McMaster University, Hamilton, Ont.
McGill Vision Research, Department of Ophthalmology, McGill University, Montreal, Que.
Can J Ophthalmol. 2018 Dec;53(6):609-613. doi: 10.1016/j.jcjo.2018.01.032. Epub 2018 Apr 7.
Both genetic and environmental factors are thought to play a role in the pathogenesis of strabismus and subsequent ocular dominance and amblyopia. Our purpose was to compare the characteristics of sensory visual function in 2 adult monozygotic (genetically identical) twins who presented with esotropia at different ages.
Monocular and binocular visual function was measured in the twins. Contrast sensitivity was used to assess monocular function. Suppressive and stereoscopic measurements were undertaken to assess binocular function. All tests were run using a 2-alternative forced choice psychophysical procedure. Eighteen short tandem repeats (STR) were genotyped across the genome in both twins to determine their exact relationship.
Twin 1 (nondominant eye OD) was diagnosed with esotropia at 6 months of age, whereas twin 2 (nondominant eye OS) was diagnosed with esotropia at 5 years of age. They underwent a similar corrective surgical intervention soon after diagnosis to correct their esodeviations. Monocular contrast sensitivity was poorer for twin 1, particularly at intermediate spatial frequencies. In addition, twin 1 demonstrated complete suppression and unmeasurable stereoscopic function (>300 seconds). On the other hand, twin 2 demonstrated fusion, exhibited only mild suppression, and had near-normal (28 seconds) stereoscopic function. All STR alleles were identical in the twins, proving monozygosity.
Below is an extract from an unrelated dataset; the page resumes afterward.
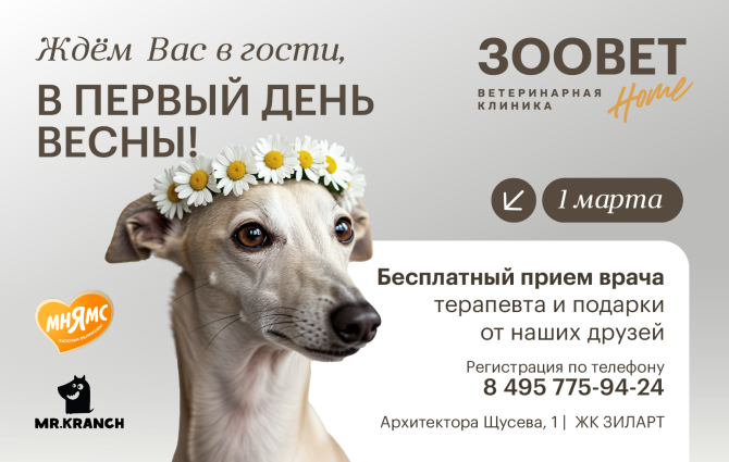 Мы с радостью сообщаем об открытии нового филиала нашей ветеринарной клиники в Москве по адресу ул. Архитектора Щусева, дом 1, в современном и динамично развивающемся районе Зиларт. Этот шаг стал важным этапом в развитии нашей сети и отражает стремление сделать качественные ветеринарные услуги ещё более доступными для владельцев домашних животных столицы!

Sensory measurements of monocular and binocular visual function in these genetically proven monozygotic twins were significantly different, with the earlier onset of esotropia associated with reduced visual function. Twin 2, whose esotropia was diagnosed at the age of 5 years, had near-normal visual function, both monocularly and binocularly. To the best of our knowledge, this represents the first study of a genetically identical sibling pair with strabismus. By eliminating the genetic differences between these patients, we are able to make powerful observations about the effect of environment on visual function in strabismus.
遗传和环境因素被认为在斜视的发病机制以及随后的眼优势和弱视中起作用。我们的目的是比较 2 名年龄不同的患有内斜视的同卵双胞胎(遗传上完全相同)的感觉视觉功能特征。
对双胞胎的单眼和双眼视觉功能进行了测量。使用对比敏感度评估单眼功能。进行抑制和立体测量以评估双眼功能。所有测试均使用 2 种替代强制选择心理物理程序进行。在双胞胎中横跨基因组共对 18 个短串联重复序列(STR)进行了基因分型,以确定他们的确切关系。
双胞胎 1(非优势眼 OD)在 6 个月大时被诊断出患有内斜视,而双胞胎 2(非优势眼 OS)在 5 岁时被诊断出患有内斜视。他们在诊断后不久就接受了类似的矫正手术干预,以纠正他们的内斜视。双胞胎 1 的单眼对比敏感度较差,特别是在中间空间频率。此外,双胞胎 1 表现出完全抑制和无法测量的立体功能(>300 秒)。另一方面,双胞胎 2 表现出融合,仅表现出轻微的抑制,并且具有接近正常的(28 秒)立体功能。双胞胎的所有 STR 等位基因都相同,证明是同卵双胞胎。
通过消除这些患者之间的遗传差异,我们能够对斜视中环境对视觉功能的影响做出有力的观察。在这些经过基因证实的同卵双胞胎中,单眼和双眼视觉功能的感觉测量结果明显不同,内斜视的早期发病与视觉功能降低有关。双胞胎 2 的内斜视在 5 岁时被诊断出,其单眼和双眼的视觉功能均接近正常。据我们所知,这是首例关于斜视的遗传相同的兄弟姐妹对的研究。